Data to examine —
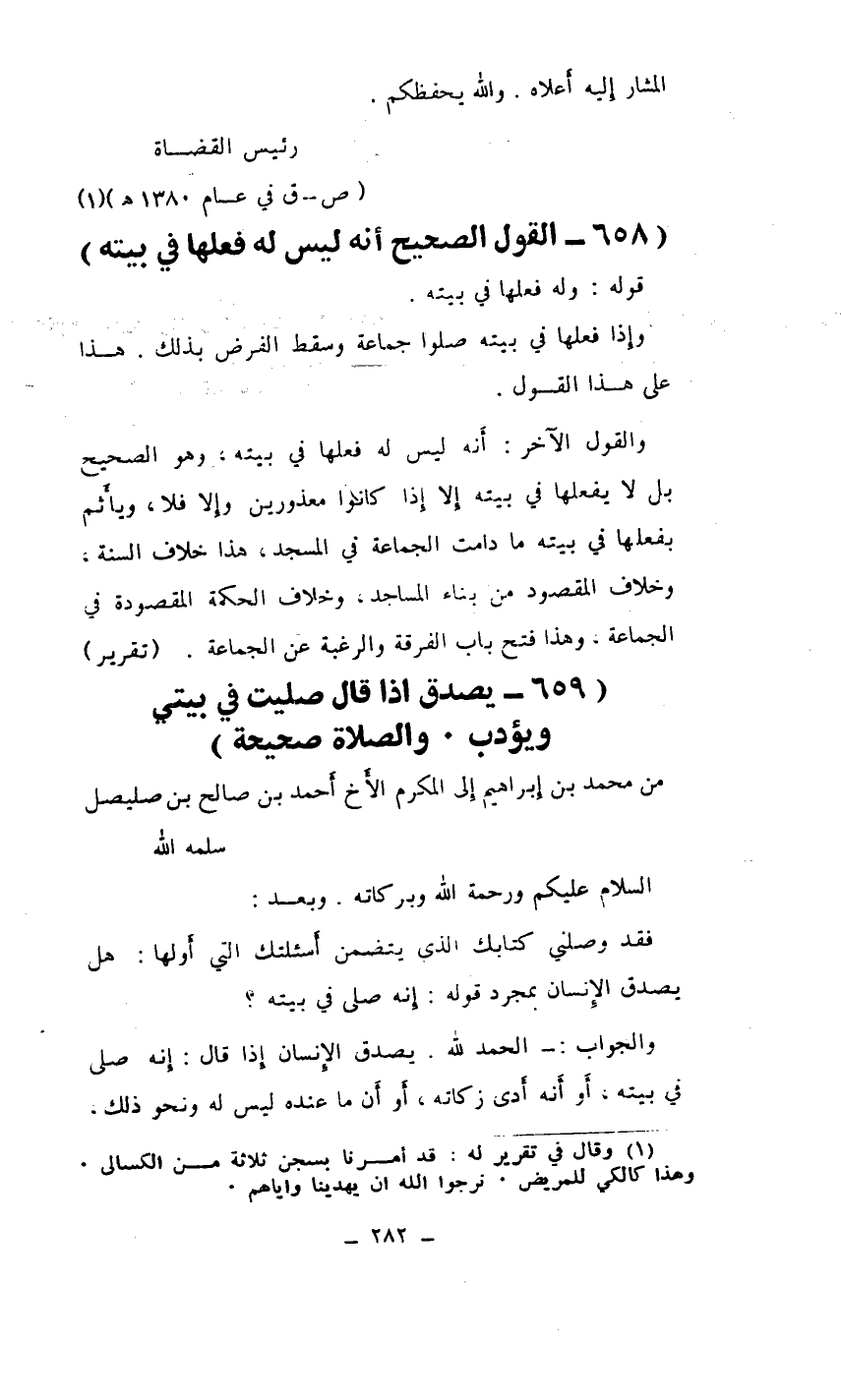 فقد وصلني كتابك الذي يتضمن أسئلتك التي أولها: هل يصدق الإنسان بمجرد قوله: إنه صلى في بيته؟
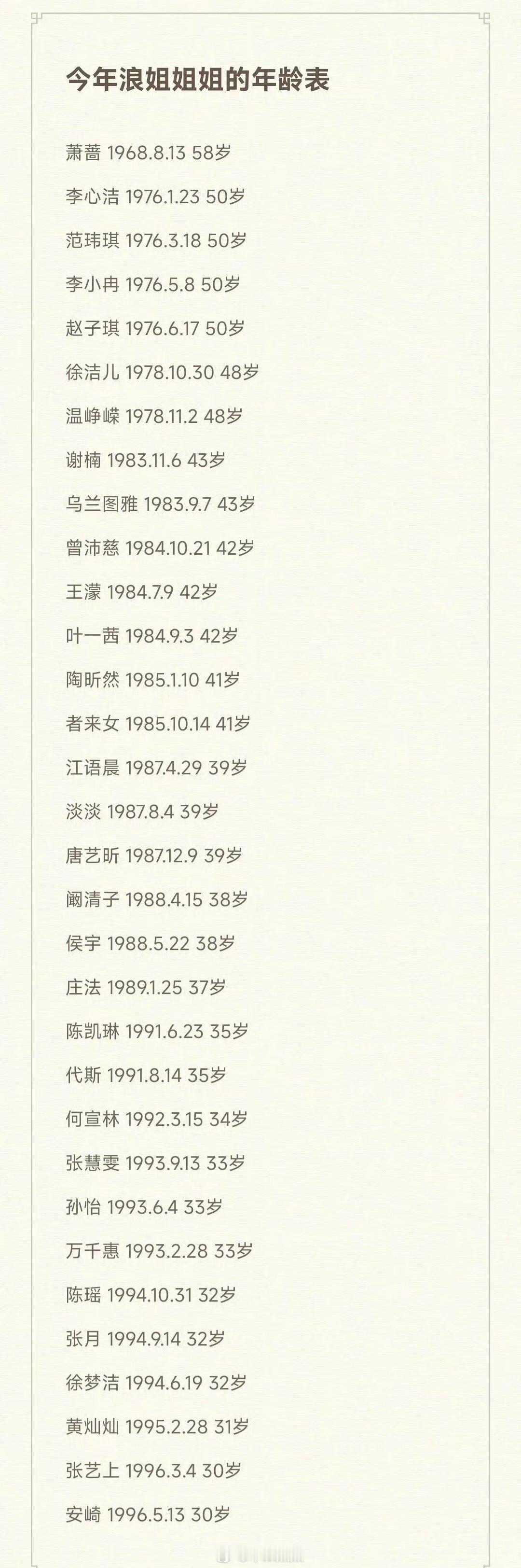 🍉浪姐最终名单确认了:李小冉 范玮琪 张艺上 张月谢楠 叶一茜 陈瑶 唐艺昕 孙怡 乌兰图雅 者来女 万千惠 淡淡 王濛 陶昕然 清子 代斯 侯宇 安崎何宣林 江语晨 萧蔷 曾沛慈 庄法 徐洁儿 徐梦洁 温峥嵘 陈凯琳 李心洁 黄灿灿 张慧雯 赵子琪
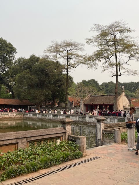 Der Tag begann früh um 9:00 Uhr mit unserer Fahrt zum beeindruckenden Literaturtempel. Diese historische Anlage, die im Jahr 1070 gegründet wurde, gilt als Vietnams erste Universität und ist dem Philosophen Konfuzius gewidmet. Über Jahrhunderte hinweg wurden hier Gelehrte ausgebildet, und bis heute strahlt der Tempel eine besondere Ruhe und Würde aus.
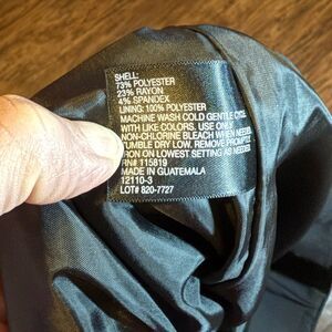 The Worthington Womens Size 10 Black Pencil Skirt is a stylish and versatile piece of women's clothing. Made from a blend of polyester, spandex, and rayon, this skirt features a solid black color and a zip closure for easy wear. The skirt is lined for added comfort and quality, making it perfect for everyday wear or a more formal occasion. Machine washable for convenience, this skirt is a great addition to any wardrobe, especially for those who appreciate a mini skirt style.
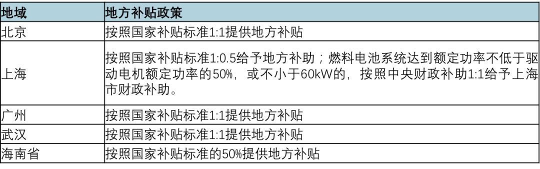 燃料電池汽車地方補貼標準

Problem details —
Please copy only the lines from the one that contains "Der Tag begann" through the last line of the records, exactly, and keep every picture out of the copy.

Answer to this problem —
 Der Tag begann früh um 9:00 Uhr mit unserer Fahrt zum beeindruckenden Literaturtempel. Diese historische Anlage, die im Jahr 1070 gegründet wurde, gilt als Vietnams erste Universität und ist dem Philosophen Konfuzius gewidmet. Über Jahrhunderte hinweg wurden hier Gelehrte ausgebildet, und bis heute strahlt der Tempel eine besondere Ruhe und Würde aus.
 The Worthington Womens Size 10 Black Pencil Skirt is a stylish and versatile piece of women's clothing. Made from a blend of polyester, spandex, and rayon, this skirt features a solid black color and a zip closure for easy wear. The skirt is lined for added comfort and quality, making it perfect for everyday wear or a more formal occasion. Machine washable for convenience, this skirt is a great addition to any wardrobe, especially for those who appreciate a mini skirt style.
 燃料電池汽車地方補貼標準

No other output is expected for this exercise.